If I have 4 GPUs, is that possible to do the follow:
Use one GPU to store intermediate outputs and aggregates them together to backprop. Mount model and minibatch to the rest 3 GPUs calculating forward.
In this case, I’m able to train larger model with larger batch size. Currently, the ability is bounded by GPU memory as Pytorch always gather all outputs to one GPU which also is responsible for forward() calculation.
This use case sounds like it would require a lot of synchronization, which would most likely make the whole training procedure slow. Sorry, but I’m not sure if this is possible at all.
However, you could have a look at torch.utils.checkpoint and see, if this might help you save some memory.
@ptrblck, thanks for your suggestion! This is a great way to trade compute speed with memory. However, I think I can apply this method to both single GPU and multiple GPU calculation. The memory issue can be alleviated in the same time but the imbalanced memory usage for multiple GPU still exits: Its limit depends on single GPU memory limit.

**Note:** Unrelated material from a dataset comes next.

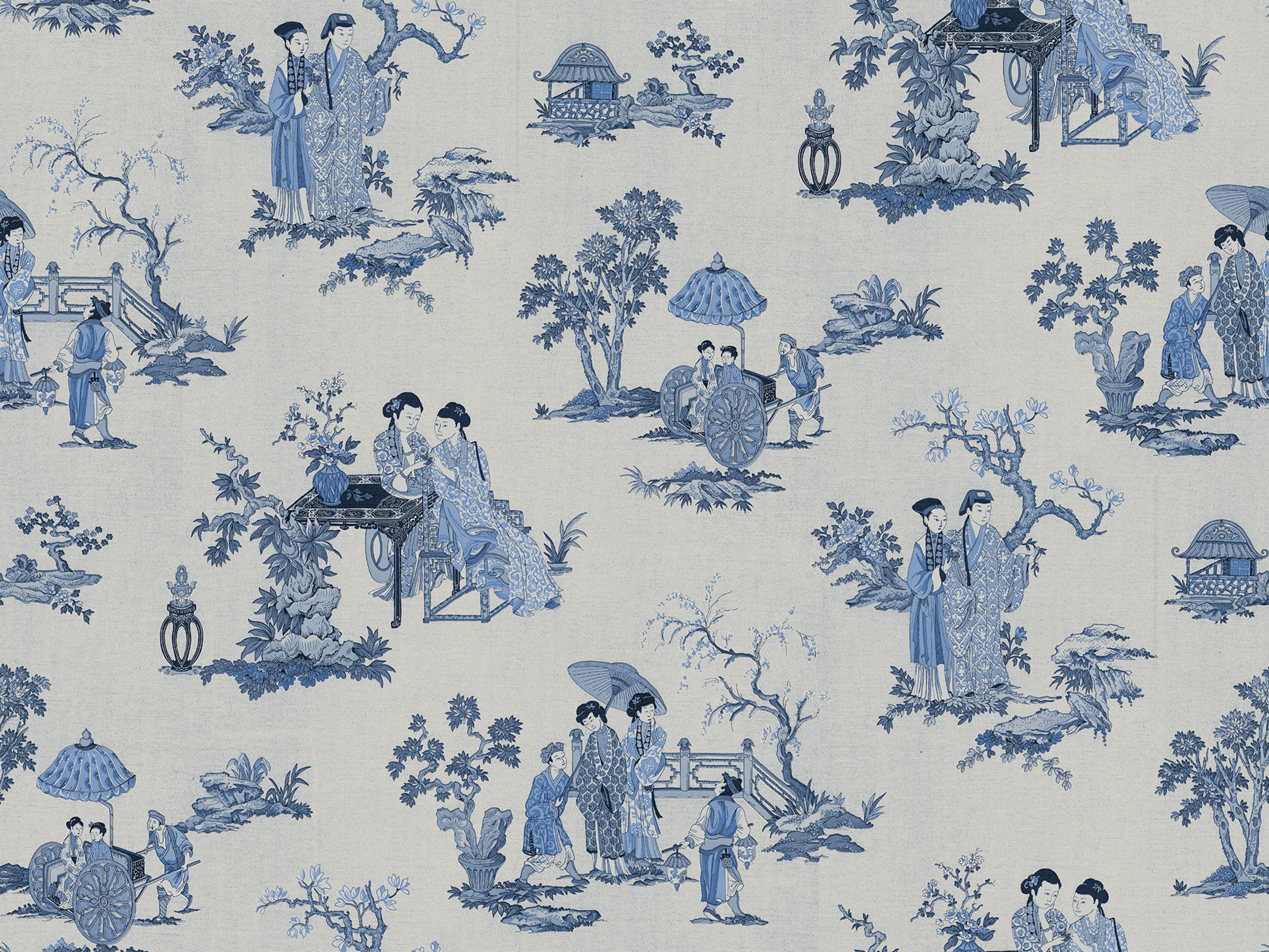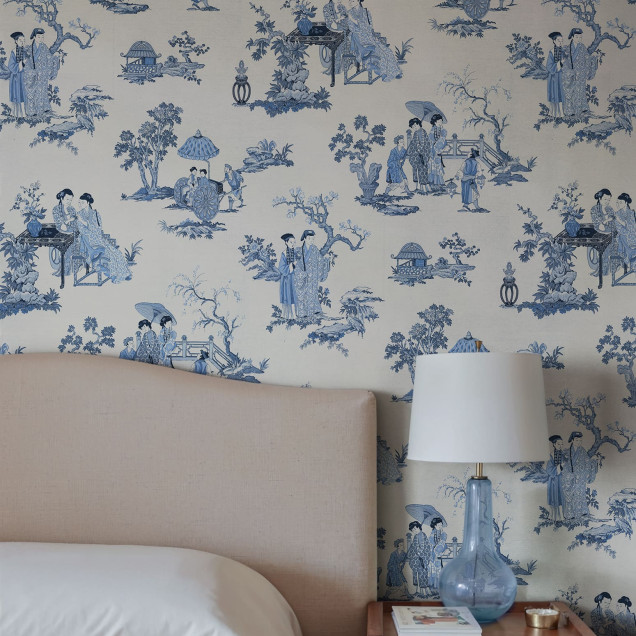 Toile Conversation, Blue, Rebel Walls Tapet Elegant cu Motive Clasice Albastre

So far, I had a better experience using single GPU training than multiple GPU training. For example, 1GPU+bsz =20 VS. 2GPU+bsz=40 VS. 4GPU+bsz=80, only about 13% performance improvement is observed when #GPU doubled. In the same time, the convergence speed decreases, since for more GPU and larger batch size, total number of updates decreases in a fixed training time.
In my case, the data is huge. I only care about the accuracy after a certain number of epochs (1~ 5). Although, a larger batch size could end up with better accuracy, I’m far from that point. Therefore, single GPU training is more practical to me at present, unless there is an elegant solution.
I wonder how other deep learning frameworks handle this issue?